A couple of interesting polls this week help to illustrate UKIP’s situation at the moment.
The first, a YouGov poll on media bias, repeats a survey from last year about how voters see media coverage of the different parties. As last time, UKIP is seen as having a much more negative bias against it than do the Tories, Labour or LibDems.
The breakdown of data shows that all four parties’ supporters are more likely to consider coverage to be biased against their own party, but this effect is very much the strongest for UKIP, with 83% of UKIP voters holding this view (the LibDems are next at 53%). This would appear to tie in with arguments about UKIP voters comprising those who feel rejected by the political system and seen themselves as political outsiders. As a means of mobilising voters, the party’s constant appeals against media bias would appear to resonate well.

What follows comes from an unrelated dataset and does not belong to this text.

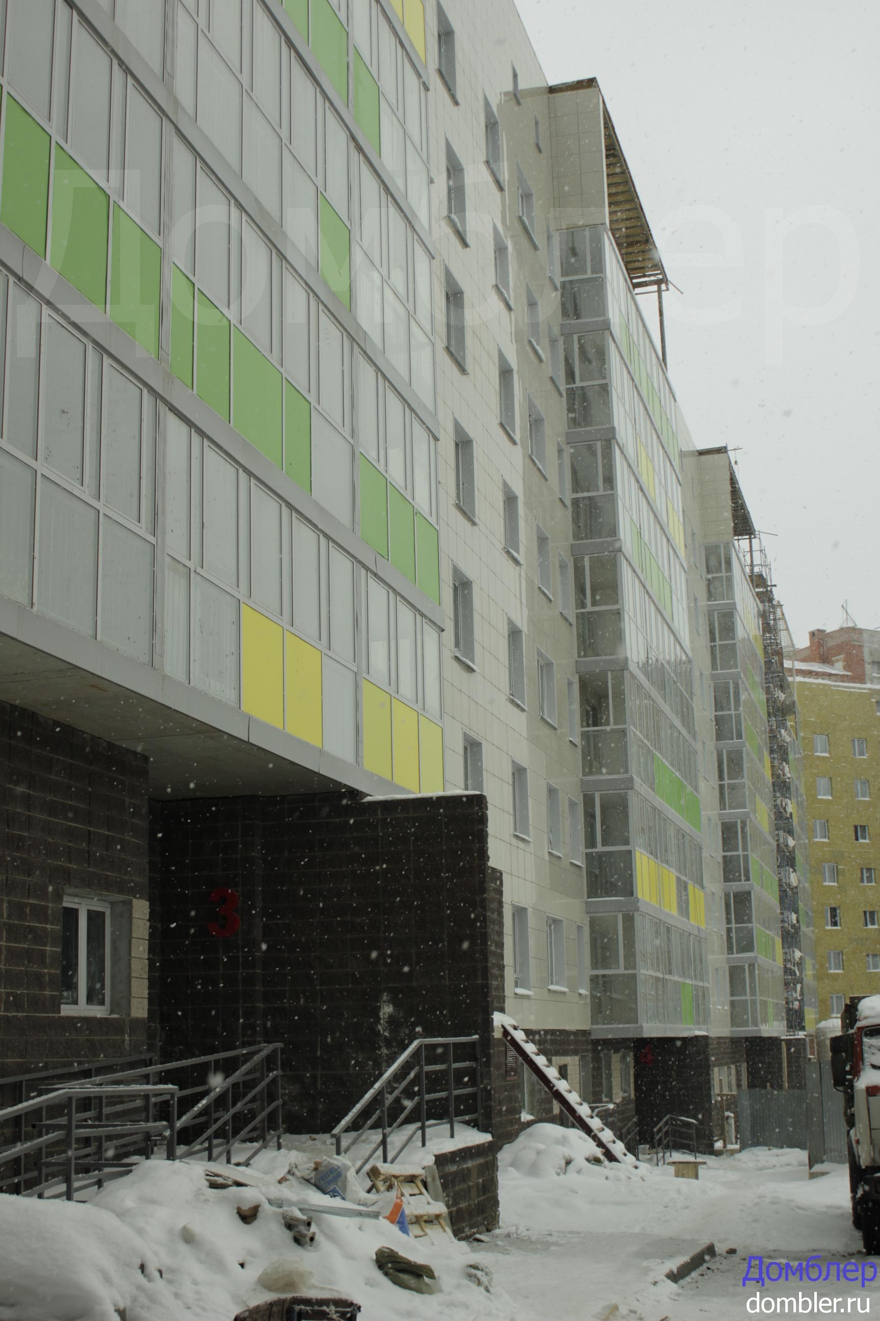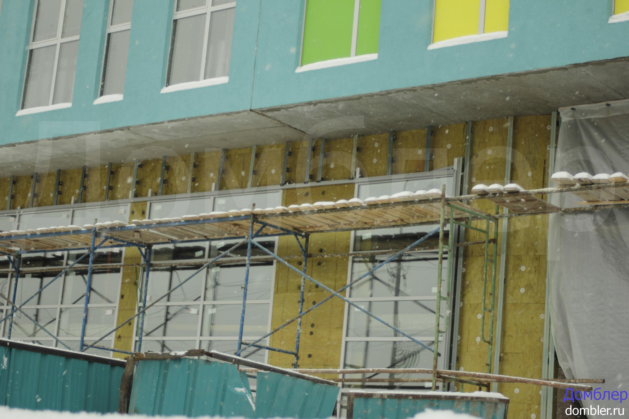 Со стороны ул.З.Валиди дом выглядит на 100% готовым, что не скажешь про вид со двора. Но там не всё так плохо. Рабочие крепили утеплитель, который был заранее распределён по строительным лесам. Во всём доме полностью установлены стеклопакеты. В подъездах установлены двери, первый этаж облицован декоративной плиткой.

At the same time, it is also striking that LibDems are the next most pessimistic about the media, which might also reflect their marginality (or perhaps marginalisation): it’s only the big two parties that seem to be broadly comfortable with how things are.
Also worth noting is that voters from other parties also think coverage is biased against UKIP, especially among Tory voters (and a bit more stronger in LibDems than Labour ones): as much as those on the left have complained about excessive coverage of the party, that does not seem to have connected with voters’ experiences/perceptions.
While these effects are less marked than a year ago, they do remain a key point of differentiation among the parties and one that is likely to remain a theme of UKIP campaigning for some time to come.
However, the second poll points to a more challenging aspect of UKIP’s approach.
Ipsos-Mori’s major poll on attitudes to immigration does point to widespread dissatisfaction with the government’s handling of immigration policy, just as it does to all the major parties’ approaches. At one level this clearly plays into UKIP’s hands, with its willingness to make the running on this issue.
However, one of the other findings was that there wasn’t a strong link between EU membership and immigration:
“40% say they would like to leave the EU to help control immigration, while 47% say they would not. But it does not seem that EU membership and immigration control is particularly closely joined in people’s minds. 60% of people mention either immigration or the EU as a key issue, but less than half of this group (only 23% of people overall) say that both immigration and the EU are important to them”
This forces us to ask some questions about UKIP’s underlying values. As I’ve discussed before, UKIP has undergone a strong evolution from its origins, but one of the arguments for pushing immigration control as a policy was that it also worked towards securing withdrawal from the EU. Even if that might be the practical effect of supporting UKIP, it does still leave the problem that in a referendum, voters might not be willing to take that cue.
Perhaps this is also a reflection of the generally low level of interest in the EU among the British public: with support for membership continuing to rise, there are real questions to be addressed about how attitudes are formed.